D’autres cancers primitifs peuvent être à l’origine de cette localisation métastatique, comme le cancer de l’estomac, de la prostate, de la vessie et l’hépatocarcinome (3, 11, 12).
Dans 41,7 % des cas, la métastase est révélatrice d’un cancer
méconnu (6). Le diagnostic éventuel se pose essentiellement avec
l’adénome pituitaire, qui reste la tumeur la plus fréquente de la
région (6).
Les métastases diffuses à l’ensemble de la glande pituitaire ne
sont pas rares (5). Les manifestations cliniques initiales ne sont
présentes que dans 5 à 15 % des cas. Le diabète insipide peut
être la première manifestation clinique quelle que soit la tumeur
primitive (4, 6, 9, 10, 13, 15, 16). Les autres signes le plus fréquemment rapportés sont une paralysie de la troisième paire
crânienne et des céphalées rétro-orbitaires (3, 5).
Dans le cas clinique rapporté, le syndrome polyuro-polydypsique
a été la première manifestation clinique endocrinienne révélatrice de l’insuffisance pituitaire.
La rapidité de l’installation et de la progression des symptômes
endocriniens doit faire évoquer une métastase pituitaire (9).
L’apparition d’un diabète insipide est fortement évocatrice de
métastases (4, 13).
L’atteinte du lobe postérieur de la glande pituitaire est le plus souvent siège de la métastase. Cela pourrait être expliqué par la vascularisation propre de ce lobe (10).
La Lettre du Cancérologue - Volume XII - no 5 - septembre-octobre 2003
L’IRM avec l’injection de gadolinium est l’examen radiologique
de référence.
Le traitement de cette localisation métastatique n’est pas
univoque (15).
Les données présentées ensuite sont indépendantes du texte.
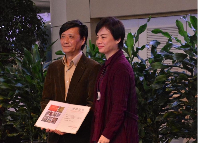 校办主任倪颖向阴佳、赵巍岩颁发作品捐赠证书
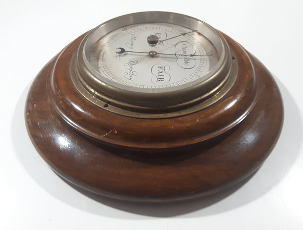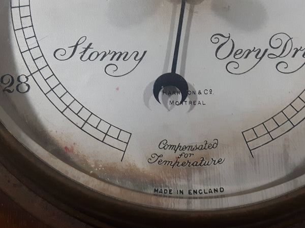 Antique Harrison & Co Montreal Round Heavy Wood Cased Barometer Weather Station Made in England
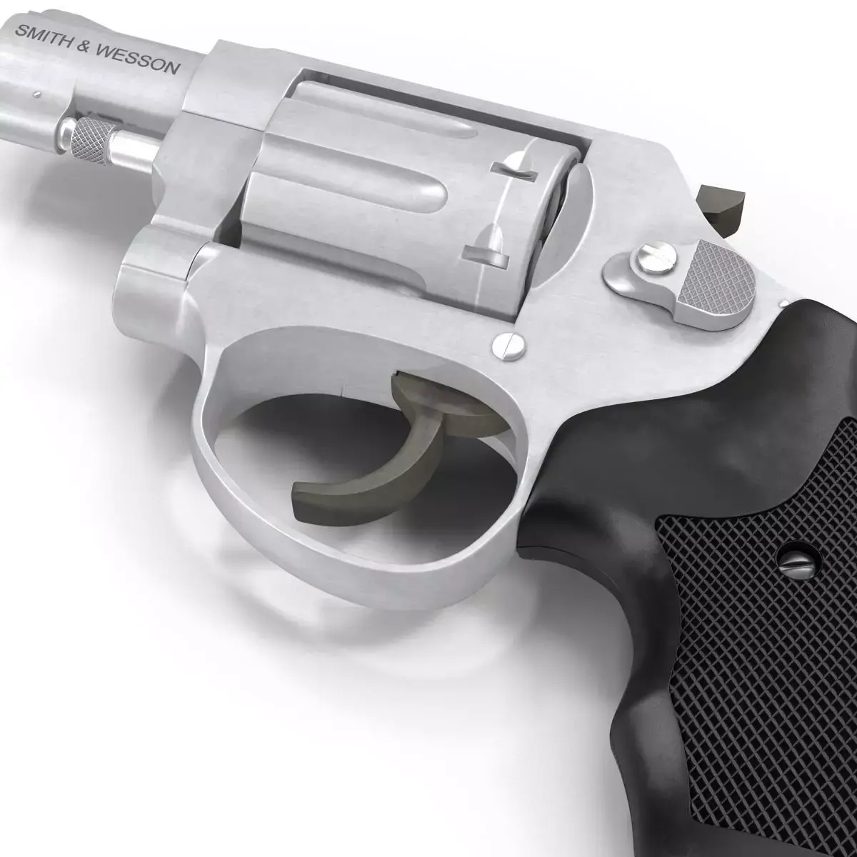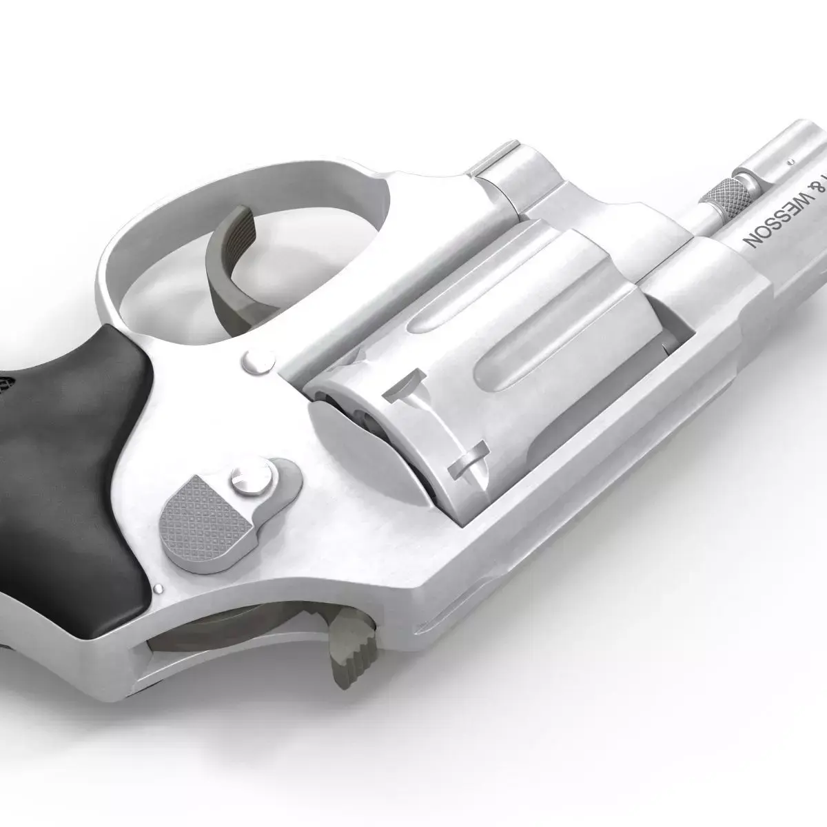 Revolver Smith and Wesson is a three-dimensional model of a compact double-action revolver, representing a classic short-barrel handgun design commonly used for personal defense and law enforcement applications.

Il doit être discuté d’une part en fonction de
l’évolution métastatique et, d’autre part, du contrôle de la
tumeur primitive.
Il a pour objectif premier d’améliorer, outre la survie, la
qualité de cette survie par décompression des voies optiques et
prévention ou amélioration des phénomènes de compression
ventriculaire.
Le traitement chirurgical peut être proposé, comme dans ce cas
clinique, chez des patients en bon état général sans évolutivité,
avec un recul suffisant de leur pathologie cancéreuse primitive
et métastatique. Cet acte chirurgical peut être complété par une
radiothérapie de l’encéphale in toto avec prise de la région
hypophysaire dans le volume irradié.
Des médianes de survie de douze mois ont pu ainsi être
observées (3).
La radiothérapie palliative, associée à un traitement endocrinien
substitutif, demeure le traitement de première intention en cas de
pathologie tumorale par ailleurs non contrôlée.